On April 11, the task force issued a draconian list of demands requiring Harvard to shutter all DEI programs, ban masks, overhaul governance, conduct third-party audits of “viewpoint diversity” in each department, immediately report international student conduct violations, and discipline anyone alleged to have stoked campus protests. When Harvard refused, the government froze $2.2 billion and threatened even more—a process Harvard rightly dubbed an attempt to “coerce and control.” Since then, the administration has threatened to freeze an additional $1 billion, to limit the school’s student visas, and even to revoke Harvard’s tax-exempt status, all signaling the president’s intent to pursue extraordinary punishment for what the administration considers Harvard’s “[failure] to live up to both the intellectual and civil rights conditions that justify federal investment.”

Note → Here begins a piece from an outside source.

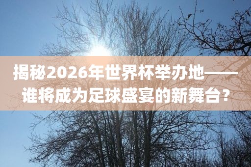 摘要:本文将为您揭秘2026年世界杯足球赛的举办地。经过激烈的申办竞争,最终目的地逐渐浮出水面。届时,足球盛宴将在新舞台上展开,吸引全球的目光和关注。本文将介绍申办过程中的亮点和悬念,以及举办地可能面临的挑战和准备工作。期待这场足球盛宴的到来,为世界带来激情与欢乐。

And that’s the thing: Harvard has absolutely earned everyone’s scorn. For years, our organization, the Foundation for Individual Rights and Expression (FIRE), has been criticizing Harvard for creating an ideological monoculture, cultivating an environment hostile to viewpoint diversity, and failing to address the problem of anti-Semitism on its campus.
However, the administration’s actions towards Harvard pose a far greater threat to higher education and the principles of academic freedom than any of the sins committed by Harvard itself.
Harvard has real problems with groupthink and anti-Semitism
There is no question that Harvard has struggled with ideological homogeneity and viewpoint-based discipline against faculty in recent years. Its campus culture has punished professors like the economist Roland Fryer and the biologist Carole Hooven for their honest research, and the law professor Ronald Sullivan and his wife Stephanie Robinson because Professor Sullivan had a dislikeable client. Its ideological monoculture (just 6% of faculty members identify as conservative, according to a FIRE survey) has created a fertile ground for campus anti-Semitism and stifled vigorous debate.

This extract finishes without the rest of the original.